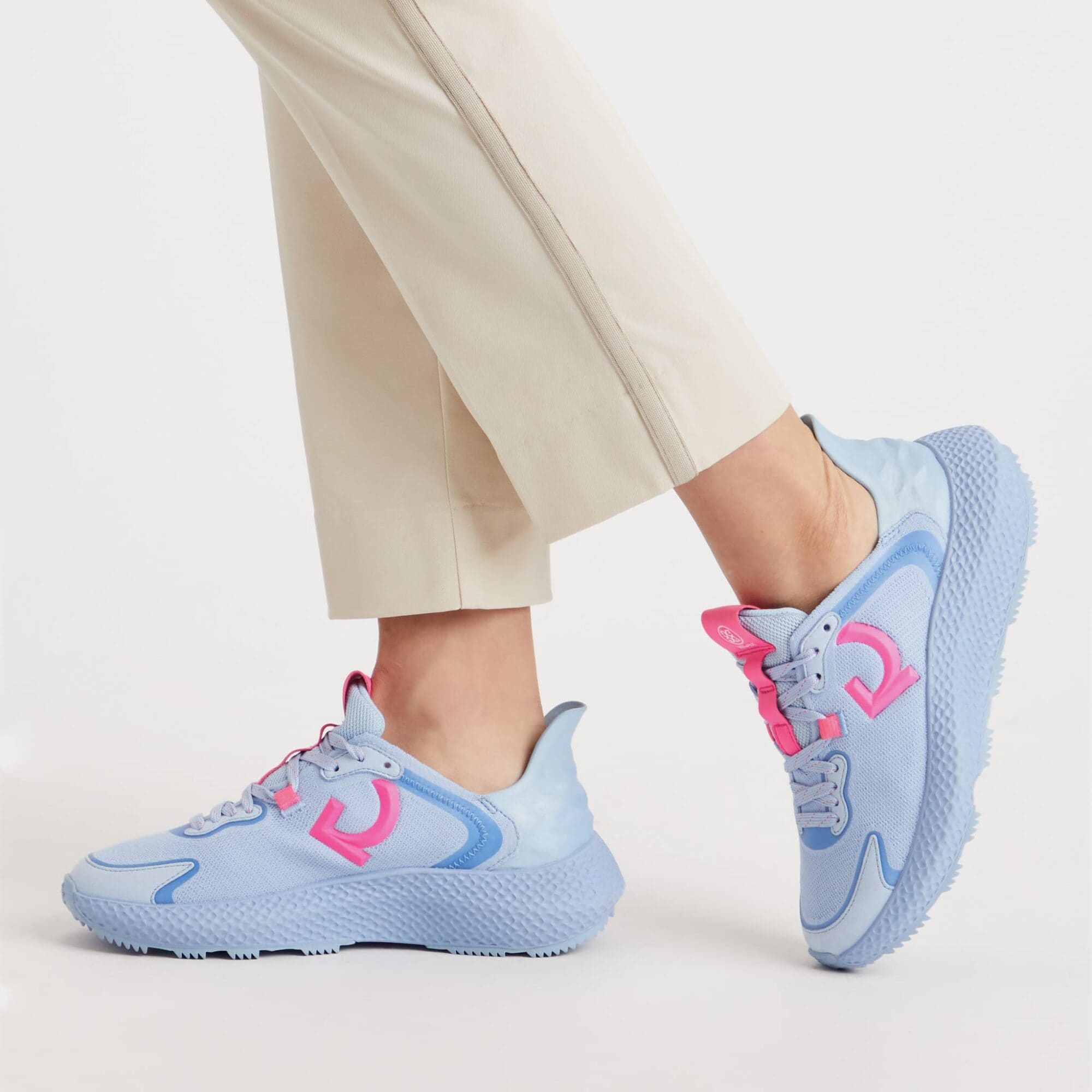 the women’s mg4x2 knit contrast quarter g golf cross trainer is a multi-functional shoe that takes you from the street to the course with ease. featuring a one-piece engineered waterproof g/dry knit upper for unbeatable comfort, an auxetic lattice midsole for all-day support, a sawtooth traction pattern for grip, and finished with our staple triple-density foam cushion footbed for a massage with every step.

##########

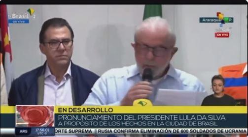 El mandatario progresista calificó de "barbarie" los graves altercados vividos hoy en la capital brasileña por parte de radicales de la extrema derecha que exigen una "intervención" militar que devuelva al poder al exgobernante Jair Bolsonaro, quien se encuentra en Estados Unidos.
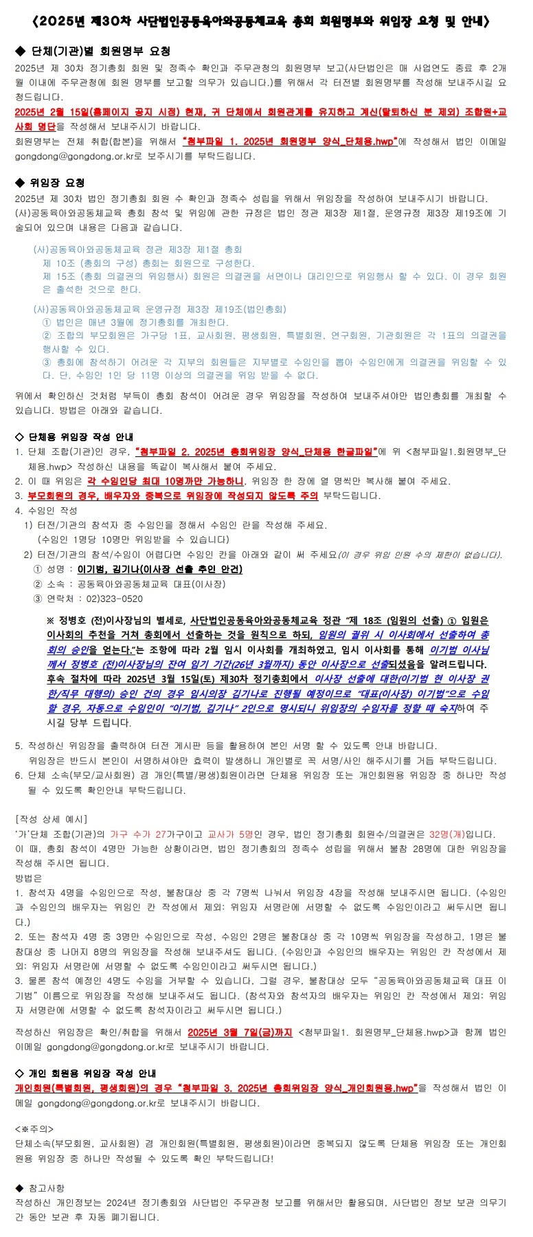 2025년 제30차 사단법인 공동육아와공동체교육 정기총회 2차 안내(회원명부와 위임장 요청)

##########

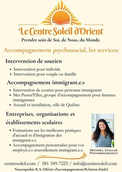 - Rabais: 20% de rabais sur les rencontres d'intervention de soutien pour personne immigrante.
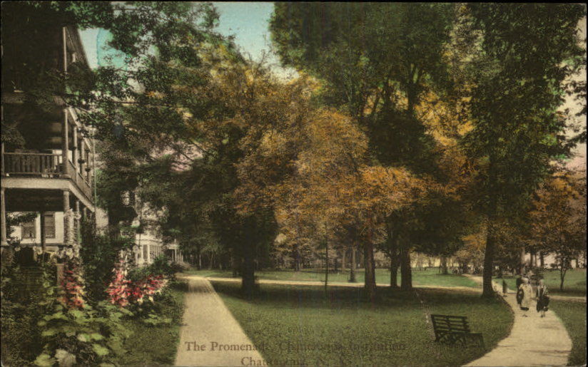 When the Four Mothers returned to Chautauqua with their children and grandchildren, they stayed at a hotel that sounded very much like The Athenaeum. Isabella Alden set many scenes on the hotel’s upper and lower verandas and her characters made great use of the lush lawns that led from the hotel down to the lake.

##########

In the listing above, find the line containing "- Rabais: 20%" and the line containing "When the Four", then write out both of them and every line between, exactly, with no pictures.

▶ _ANSWER FOR THIS EXERCISE_
 - Rabais: 20% de rabais sur les rencontres d'intervention de soutien pour personne immigrante.
 When the Four Mothers returned to Chautauqua with their children and grandchildren, they stayed at a hotel that sounded very much like The Athenaeum. Isabella Alden set many scenes on the hotel’s upper and lower verandas and her characters made great use of the lush lawns that led from the hotel down to the lake.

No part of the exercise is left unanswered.